Cerebral-tissue Oxygen Balance Affected by Diabetes Mellitus

One hour before the surgery, patients are premedicated with lorazepam (per os, 2.5 mg). Before induction of anesthesia, the NIRS sensors (INVOS 3100, Somanetics, MI, USA) arepositioned on both sides of the forehead. Sensors to detect depth of anesthesia are also mounted on the forehead to monitor EMG and EEG activities. These signals are used to calculate response (RE) and state entropy (SE), respectively (GE Healthcare, Chicago, USA). Induction of anesthesia is achieved by iv midazolam (30 μg/kg), sufentanil (0.4-0.5 μg/kg), and propofol (0.3-0.5 mg/kg), and iv propofol (50 mg/kg/min) is administered to maintain anesthesia. Intravenous boluses of rocuronium (0.6 mg/kg for induction and 0.2 mg/kg every 30 minutes for maintenance) is administered iv to ensure neuromuscular blockade. A cuffed tracheal tube (internal diameter of 7, 8, or 9 mm) is used for tracheal intubation, and patients are mechanically ventilated (Dräger Zeus, Lübeck, Germany) in volume-controlled mode with decelerating flow. A tidal volume of 7 ml/kg and a positive end-expiratory pressure of 4 cmH2O are applied, and the ventilation frequency is adjusted to 12-14 breaths/min to maintain end-tidal CO2 partial pressure of 36 38 mmHg. Mechanical ventilation is performed with a fraction of inspired oxygen of 0.5 during the entire OPCAB procedure and before CPB, and it is increased to 0.8 after CPB. As a standard part of the cardiac anesthesia procedure, esophageal and rectal temperature probes are introduced, and a central venous line is inserted into the right jugular vein. The left radial artery is also cannulated to monitor systolic, diastolic and mean arterial (MAP) blood pressures and arterial blood gas samples.

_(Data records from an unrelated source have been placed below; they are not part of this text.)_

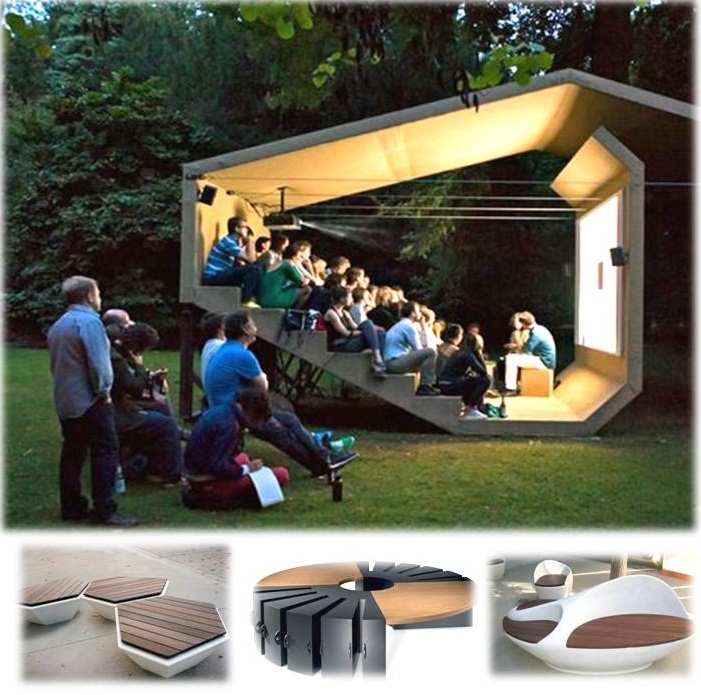 На картинке: небольшие летние кинотеатры и оригинального дизайна скамейки могут быть полезны в городских парках и зонах отдыха, особенно если принять во внимание, что изготавливаются подобные изделия из того, что отправляется на свалки.
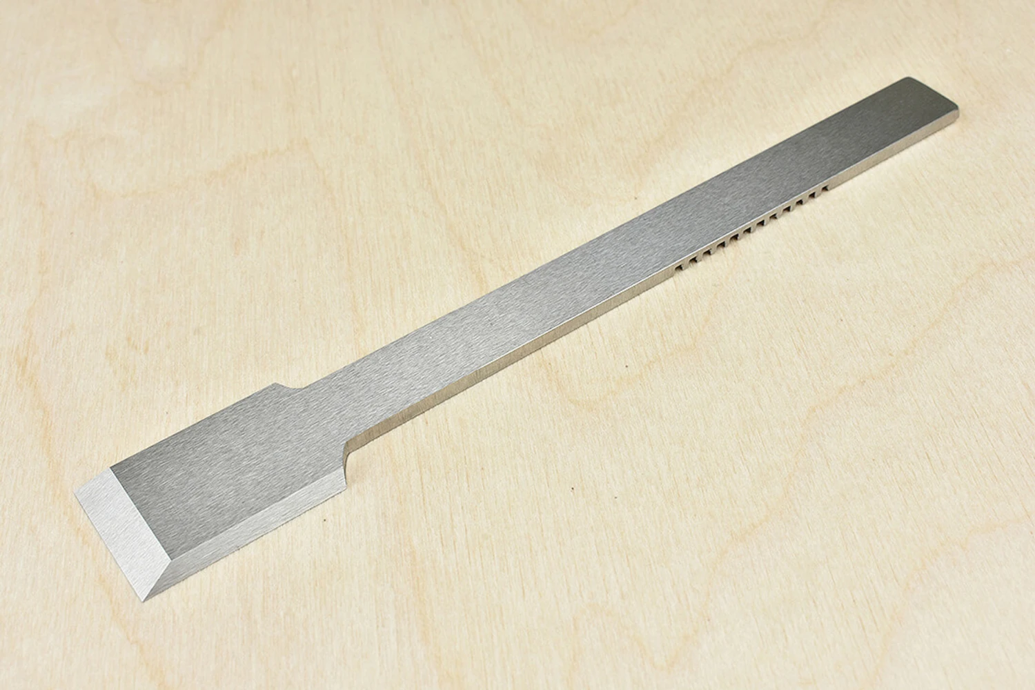 Replacement blade for Quangsheng No.93 large shoulder planes.Precision ground from T10 high carbon steel, quenched in distilled water and tempered to RC61-62 for superb edge taking.Supplied ground with a single 25 degree bevel, for general work we recommend honing a secondary bevel at 30.Overall Length: 171mm (6.73″ approx)Useable Width: 25mm (0.98″ approx)Upper Width: 19mm (0.74″ approx)Thickness: 3.13mm (0.12″ approx)Please note that we are unable to ship Quangsheng products to North America due to retail exclusivity restrictions.
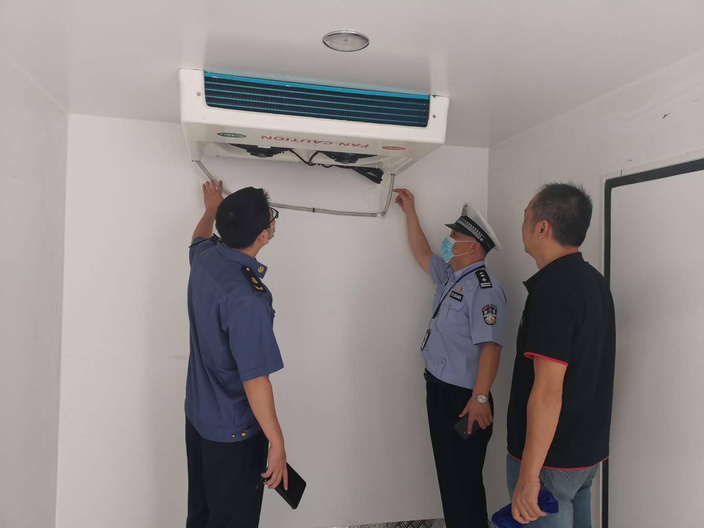 车管民警王震首先对运输车辆的车况进行了查看,包括对冷藏车内的整个冷链系统以及杀虫剂箱的检查。他对企业负责人说道:“冷链系统和杀虫剂箱是防止蔬菜腐烂、催熟、软化,保持高鲜度品质的关键,一定要确保设备正常运转,保证把最新鲜、最安全的蔬菜送到市民的餐桌上。”
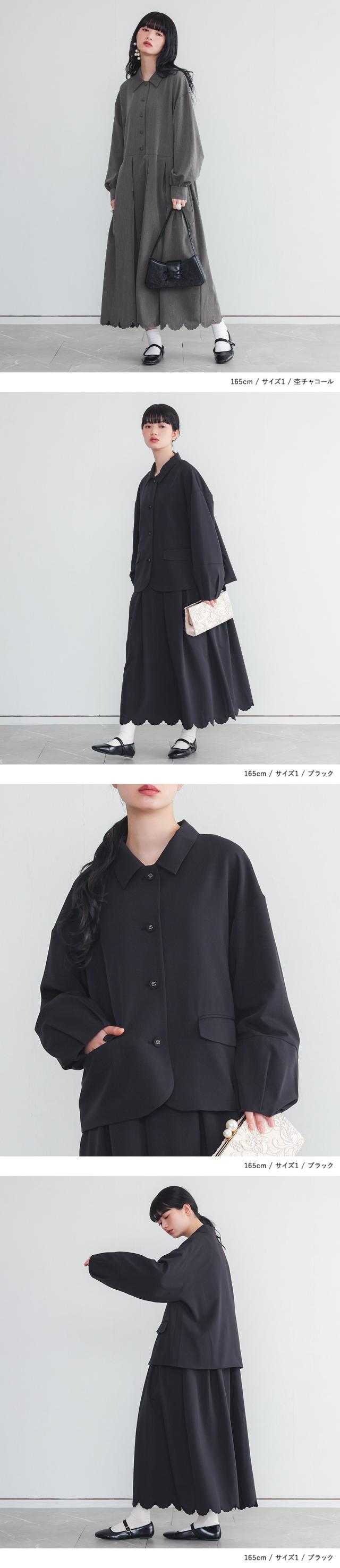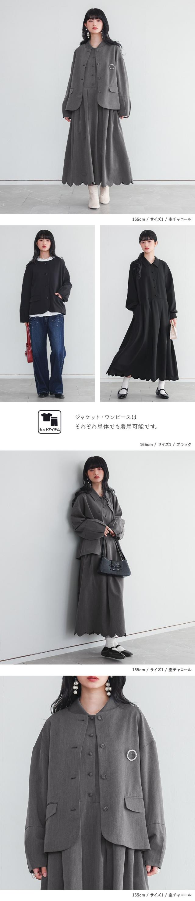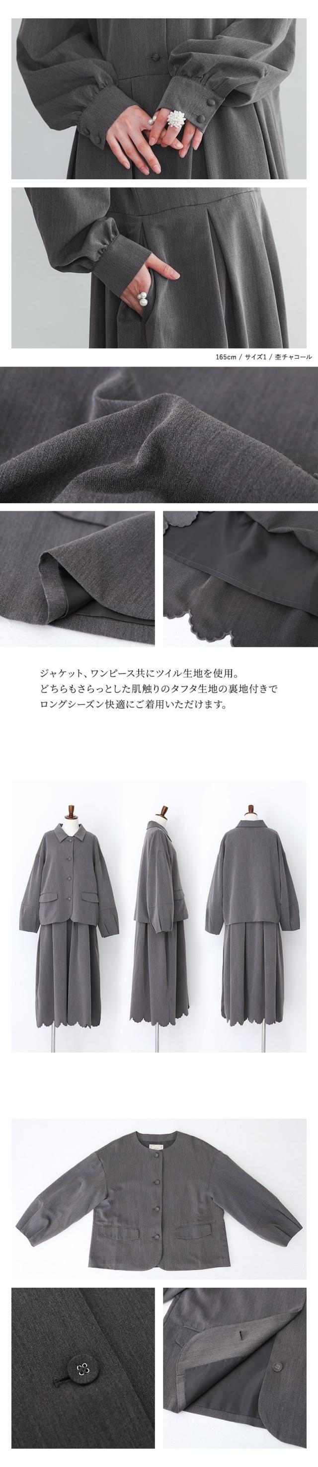 セットアップ レディース ドレス アウター ジャケット ワンピース 長袖 ランタンスリーブ スカラップ 刺繍 オケージョン 春 夏 秋 冬 上下セット 【TP】 ライトアウター 羽織り ロングワンピース マキシワンピース オケージョンワンピース 襟付き 無地 ポケット おうちで洗える 裏地付き オールシーズン フォーマル レトロ クラシカル シンプル キレカジ フェミニン ガーリー ゆったり ゆる 楽ちん S M L LL 3L XL ぽっちゃり 体型カバー 大きいサイズ プラスサイズ 10代 20代 30代 40代 50代 60代 低身長 高身長 女子会 オフィス 通勤 通学 お買い物 お出掛け おしゃれ お洒落 トレンド 流行 パーティー 二次会 結婚式 入学式 卒業式 セレモニー 謝恩会 学校行事 お宮参り 七五三 ママ 母 母親 ママスーツ somari imagination ソマリイマジネーション 可愛い系 大人カジュアル ナチュラル 上品 きれいめ osharewalker オシャレウォーカー おしゃれうぉーかー グレー 灰色 チャコールグレー チャコール ブラック 黒[ID]15do0pb[somari imaginationランタンスリーブジャケット裾スカラップワンピースセットアップ]

The membrane oxygenator is primed with 1,500 ml lactated Ringer's solution prior to CPB. Intravenous heparin (150 or 300 U/kg for OPCAB and CPB procedures, respectively) is injected into the patient, and an activated clotting time of 300 s is achieved during OPCAB and of 400 s during CPB procedures. During CPB, mild hypothermia is allowed, the mechanical ventilation is stopped, and the ventilator is disconnected without applying positive airway pressure. Before restoring ventilation, the lungs are inflated 3-5 times to a peak airway pressure of 30 cmH2O to facilitate lung recruitment. Normothermia is maintained in the OPCAB patients.

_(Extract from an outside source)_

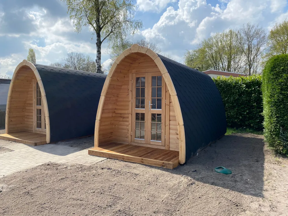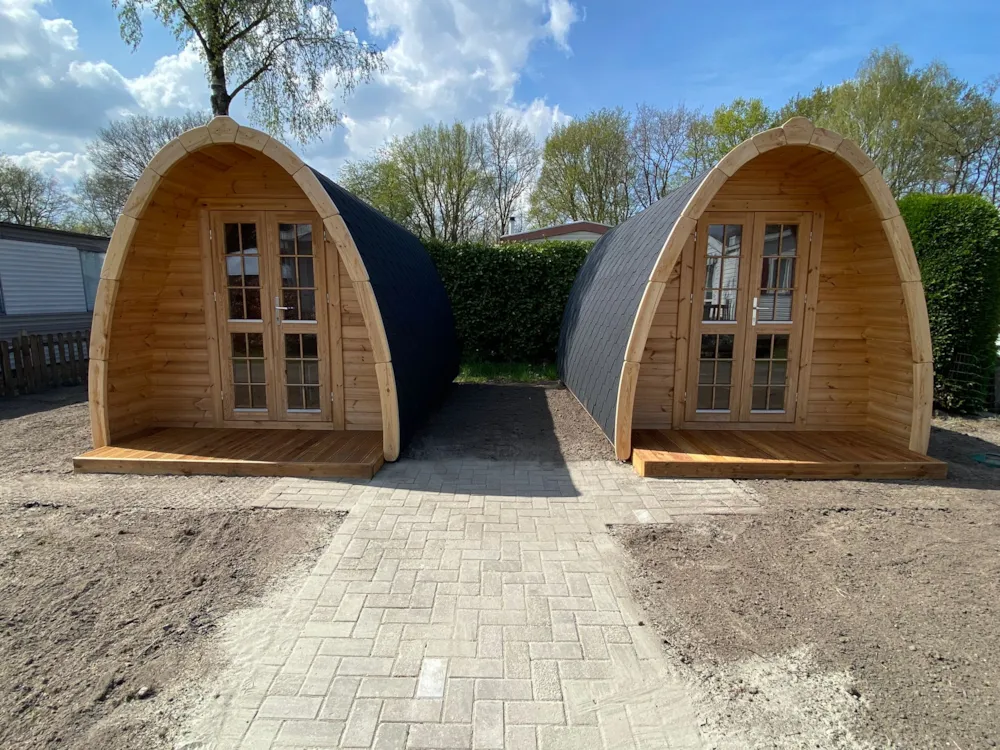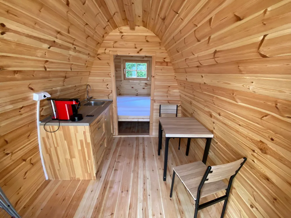 Trekkerspod met slaapplaats voor 2 personen, wastafel, inrichting met bestek en servies aanwezig, zitje en koffiezetappartaat. Sanitair in de nabijheid
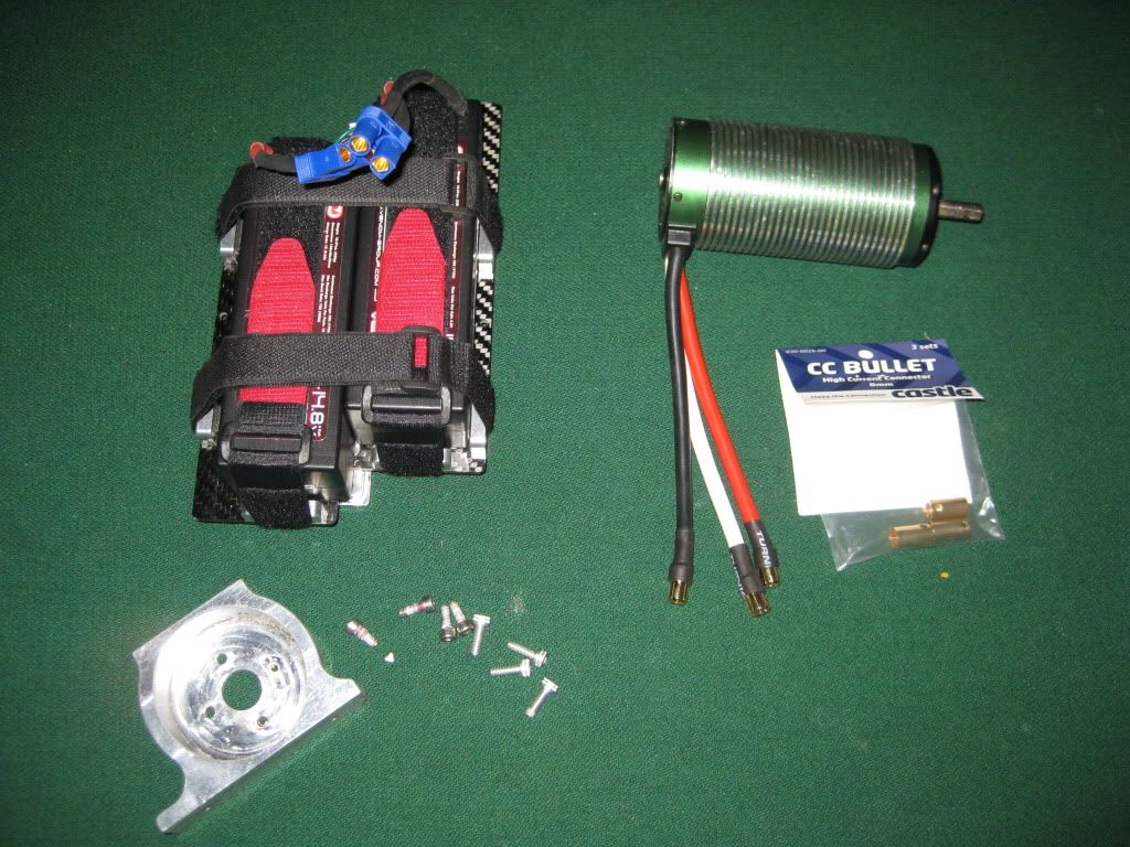 Next up is the best conversion setup out. The RCMonster BL5 set. It allows you to keep mechincal brakes which is almost a necessity to keep motor temps down and would allow you to use a boat or air esc since the motor would not be doing the braking. Also includes two MOD 1.5 pinions, 14t & 16t.

After securing arterial and peripheral venous lines and placement of NIRS and entropy sensors, data collection is initiated immediately before anesthesia induction in all groups of patients. Since catheterization of the jugular vein is scheduled after anesthesia induction, ScvO2 and gSO2 data are not available at the first protocol stage. After induction and before surgical incision, all measurements are repeated. For the patients undergoing CPB procedures, the whole data set is registered at the beginning of CPB after clamping the aorta and 5 min before the end of CPB. For the patients undergoing OPCAB procedures, collection of the full set of data is performed during performance of the first proximal anastomosis between the aorta and saphenous vein graft. The final stage of the protocol is allocated to the end of the operation after sternal closure. All invasive (i.e. arterial and venous blood gas) and non-invasive (i.e. NIRS) data are registered simultaneously at each protocol stage.

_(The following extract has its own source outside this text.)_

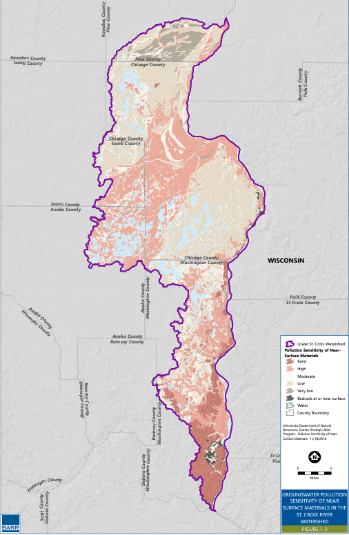 For instance, in the Lower St. Croix watershed, we have several areas that have greater ‘sensitivity’ to groundwater pollution due to the ability of water-borne contaminants to move quickly (hours to weeks) from the land surface to our groundwater aquifers.
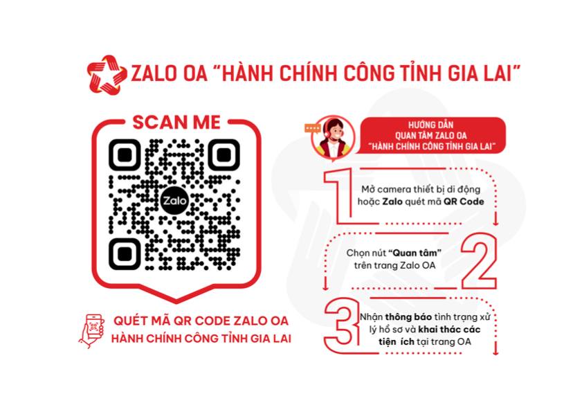 2. Trung tâm Phục vụ hành chính công xã niêm yết mã QR code của Cổng Zalo OA “Hành chính công tỉnh Gia Lai” tại các bàn hướng dẫn hồ sơ, quầy tiếp nhận hồ sơ của Trung tâm, đồng thời hướng dẫn tất cả những người dân, doanh nghiệp khi liên hệ thực hiện thủ tục hành chính quét mã QR này và quan tâm Cổng Zalo OA “Hành chính công tỉnh Gia Lai” để được nhận tất cả thông tin liên quan đến quá trình tiếp nhận, giải quyết hồ sơ thủ tục hành chính trên địa bàn xã (kể cả những hồ sơ khác được nộp sau này) và các thông tin hướng dẫn hữu ích khác liên quan đến việc thực hiện thủ tục hành chính trên địa bàn xã.

Sample sizes are estimated to enable the detection of a 10% difference in the primary outcome parameter gSO2 that we considered clinically significant. Accordingly, sample-size estimation based on an ANOVA test with four groups of patients indicated that 24 patients were required in each group to detect a significant difference between the protocol groups (the assumed variability of 10%, power of 80% and the significance level of 5%).

Two-way repeated measures ANOVA with the inclusion of an interaction term is used for all measured variables with the protocol stage as within-subject factor (protocol stages) and group allocation as between-subject factor to establish the effects of T2DM and the surgical procedure on the oxygen saturation indices.